**INPUT FOR THIS TASK:**
****************
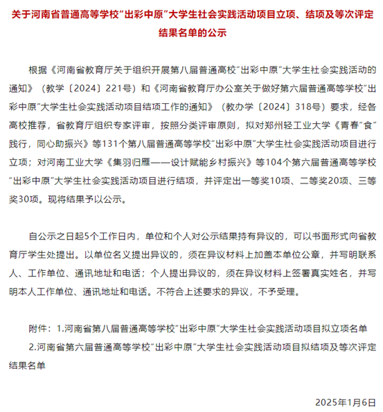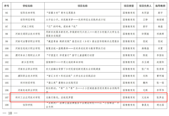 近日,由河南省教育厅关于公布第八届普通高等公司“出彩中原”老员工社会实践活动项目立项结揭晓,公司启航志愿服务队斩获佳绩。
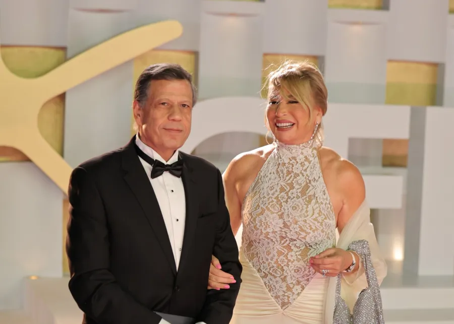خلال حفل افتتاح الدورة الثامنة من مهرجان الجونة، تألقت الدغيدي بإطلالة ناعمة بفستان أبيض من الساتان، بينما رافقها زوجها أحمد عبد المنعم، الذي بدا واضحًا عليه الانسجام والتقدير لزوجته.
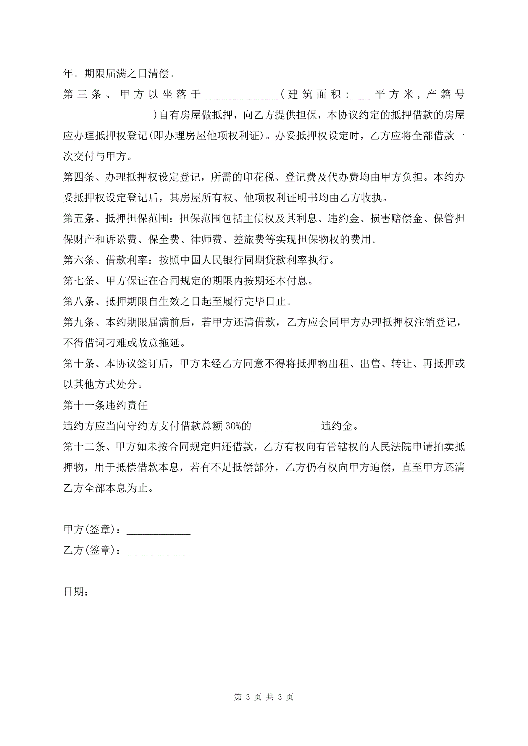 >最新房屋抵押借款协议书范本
****************
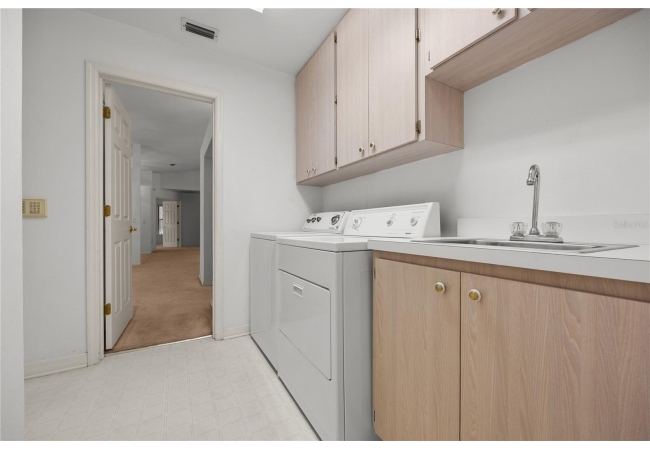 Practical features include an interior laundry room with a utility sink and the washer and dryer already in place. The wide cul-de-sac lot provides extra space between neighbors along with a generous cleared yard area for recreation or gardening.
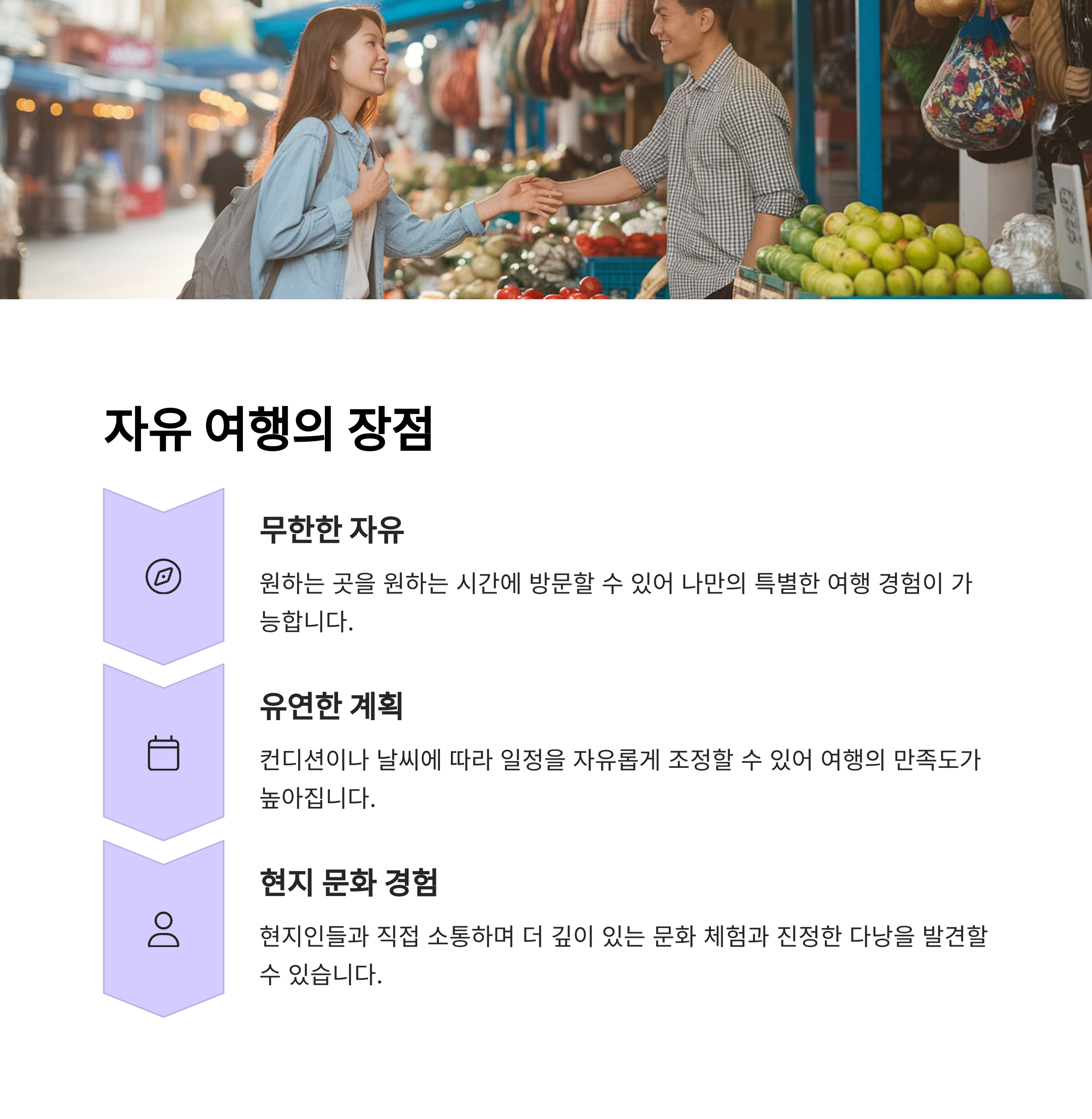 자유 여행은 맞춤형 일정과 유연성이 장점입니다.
****************
**TASK:** Transcribe the listing above exactly, but only from the line with "Practical features include" through the line with "자유 여행은 맞춤형 일정과 유연성이 장점입니다.". Include both of those lines and omit the pictures.

**OUTPUT OF THE TASK:**
 Practical features include an interior laundry room with a utility sink and the washer and dryer already in place. The wide cul-de-sac lot provides extra space between neighbors along with a generous cleared yard area for recreation or gardening.
 자유 여행은 맞춤형 일정과 유연성이 장점입니다.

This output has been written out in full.